🤖 AI Summary
Existing scene graph generation (SGG) methods rely on closed-set supervised training, limiting generalization to unseen objects and relations in open-world settings—even vision-language models (VLMs) require fine-tuning. To address this, we propose the first training-free open-world SGG framework: (1) leveraging multimodal prompting to elicit zero-shot recognition capabilities from pretrained VLMs (e.g., CLIP, Flamingo); (2) introducing a cross-modal embedding alignment mechanism to unify visual and linguistic semantic spaces; and (3) designing a lightweight relation-pair optimization strategy for structured zero-shot inference.
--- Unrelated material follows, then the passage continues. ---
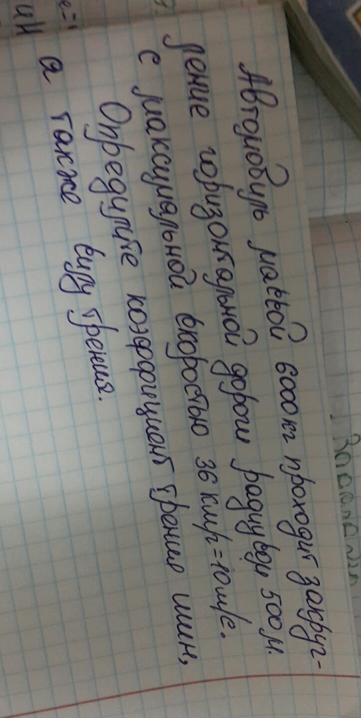 R=500 м Fц.с.=Fтр; или, распишем каждую силу:
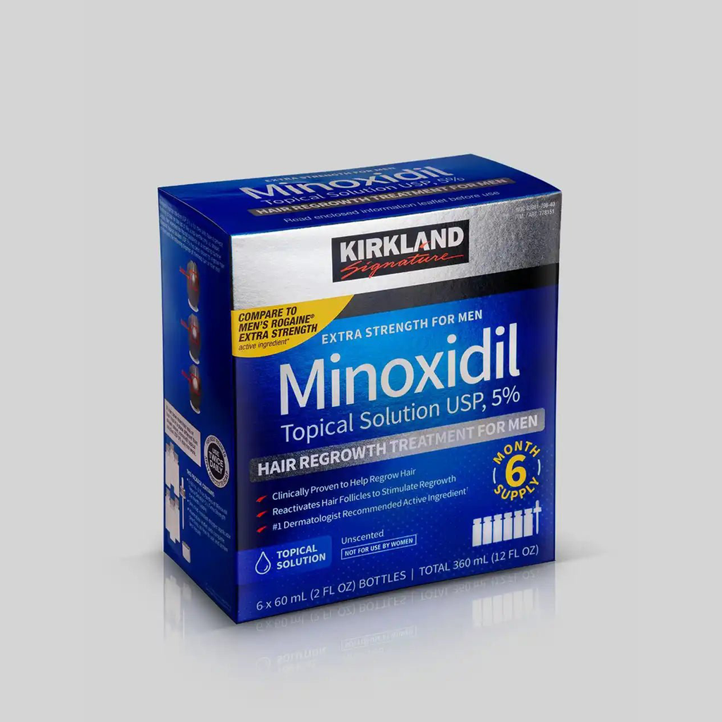 06 Frascos com 60 ml (KIRKLAND SIGNATURE® FORÇA EXTRA ORIGINAL – MINOXIDIL 5%)

We further establish the first benchmark protocol for open-world SGG evaluation. Extensive experiments on Visual Genome, Open Images V6, and PSG demonstrate that our method significantly improves generalization to novel objects and relations without any training—effectively breaking the closed-set assumption inherent in conventional SGG approaches.
📝 Abstract
Scene-Graph Generation (SGG) seeks to recognize objects in an image and distill their salient pairwise relationships. Most methods depend on dataset-specific supervision to learn the variety of interactions, restricting their usefulness in open-world settings, involving novel objects and/or relations. Even methods that leverage large Vision Language Models (VLMs) typically require benchmark-specific fine-tuning. We introduce Open-World SGG, a training-free, efficient, model-agnostic framework that taps directly into the pretrained knowledge of VLMs to produce scene graphs with zero additional learning. Casting SGG as a zero-shot structured-reasoning problem, our method combines multimodal prompting, embedding alignment, and a lightweight pair-refinement strategy, enabling inference over unseen object vocabularies and relation sets. To assess this setting, we formalize an Open-World evaluation protocol that measures performance when no SGG-specific data have been observed either in terms of objects and relations. Experiments on Visual Genome, Open Images V6, and the Panoptic Scene Graph (PSG) dataset demonstrate the capacity of pretrained VLMs to perform relational understanding without task-level training.